**How to complete this task**
Exactly the lines from the start of the data below through the line that contains "Length: 48 Inch |" are to be copied, with pictures left out.

**The records**

────────────────────────────────────────

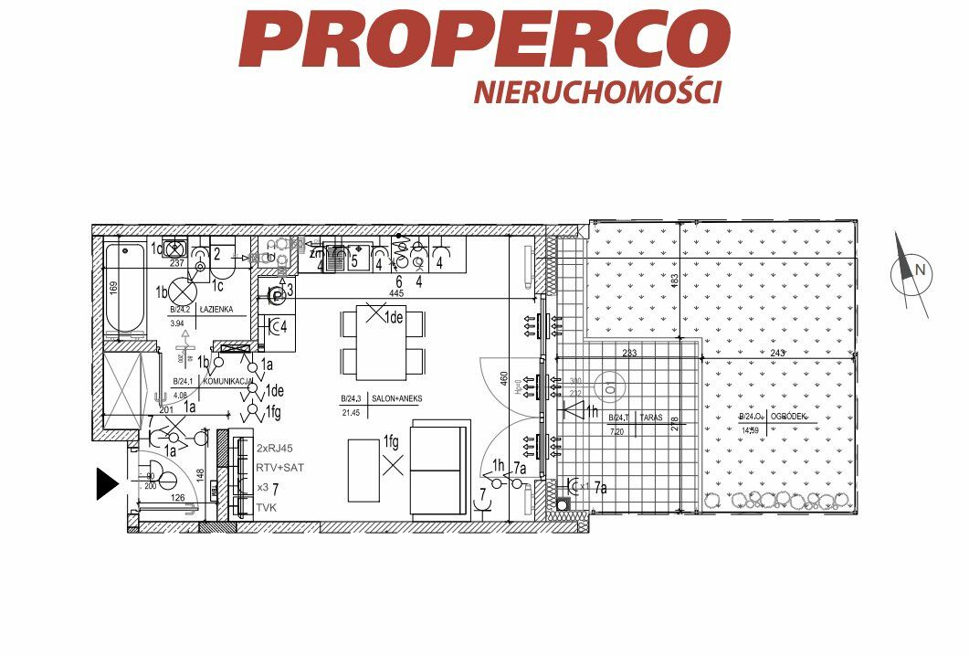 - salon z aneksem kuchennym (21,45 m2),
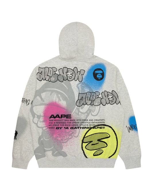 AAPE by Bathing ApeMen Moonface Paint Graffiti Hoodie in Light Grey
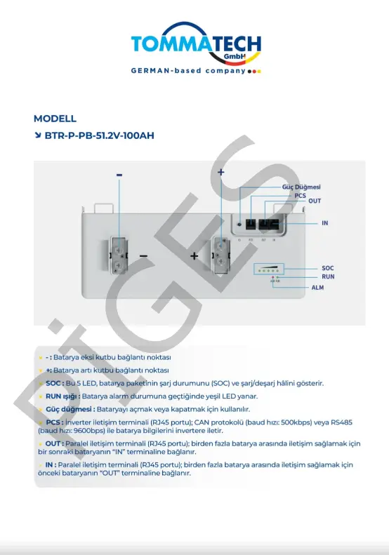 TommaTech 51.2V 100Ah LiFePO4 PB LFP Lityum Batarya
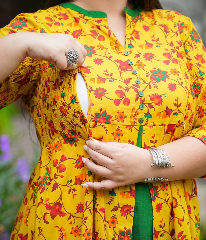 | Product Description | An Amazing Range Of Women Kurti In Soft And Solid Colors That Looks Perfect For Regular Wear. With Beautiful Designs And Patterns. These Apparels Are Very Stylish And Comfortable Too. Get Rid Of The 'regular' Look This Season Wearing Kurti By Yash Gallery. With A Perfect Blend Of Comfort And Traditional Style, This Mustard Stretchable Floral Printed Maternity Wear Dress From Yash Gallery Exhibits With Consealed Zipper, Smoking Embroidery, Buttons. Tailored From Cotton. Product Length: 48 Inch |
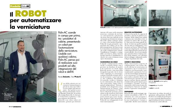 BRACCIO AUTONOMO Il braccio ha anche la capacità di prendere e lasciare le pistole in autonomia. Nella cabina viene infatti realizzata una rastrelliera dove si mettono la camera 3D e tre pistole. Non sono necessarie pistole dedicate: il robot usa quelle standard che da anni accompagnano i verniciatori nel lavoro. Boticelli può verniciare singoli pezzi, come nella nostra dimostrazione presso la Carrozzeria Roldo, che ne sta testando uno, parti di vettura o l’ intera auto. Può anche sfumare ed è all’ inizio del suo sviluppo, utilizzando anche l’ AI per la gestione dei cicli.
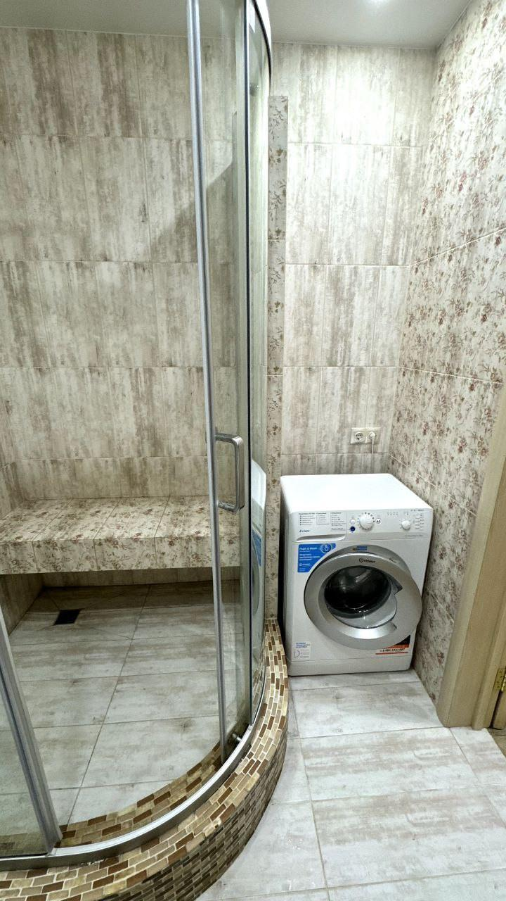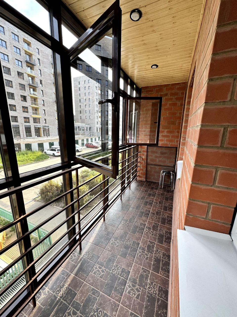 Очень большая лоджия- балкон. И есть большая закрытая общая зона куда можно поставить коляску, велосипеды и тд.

────────────────────────────────────────

**Result of this task**
 - salon z aneksem kuchennym (21,45 m2),
 AAPE by Bathing ApeMen Moonface Paint Graffiti Hoodie in Light Grey
 TommaTech 51.2V 100Ah LiFePO4 PB LFP Lityum Batarya
 | Product Description | An Amazing Range Of Women Kurti In Soft And Solid Colors That Looks Perfect For Regular Wear. With Beautiful Designs And Patterns. These Apparels Are Very Stylish And Comfortable Too. Get Rid Of The 'regular' Look This Season Wearing Kurti By Yash Gallery. With A Perfect Blend Of Comfort And Traditional Style, This Mustard Stretchable Floral Printed Maternity Wear Dress From Yash Gallery Exhibits With Consealed Zipper, Smoking Embroidery, Buttons. Tailored From Cotton. Product Length: 48 Inch |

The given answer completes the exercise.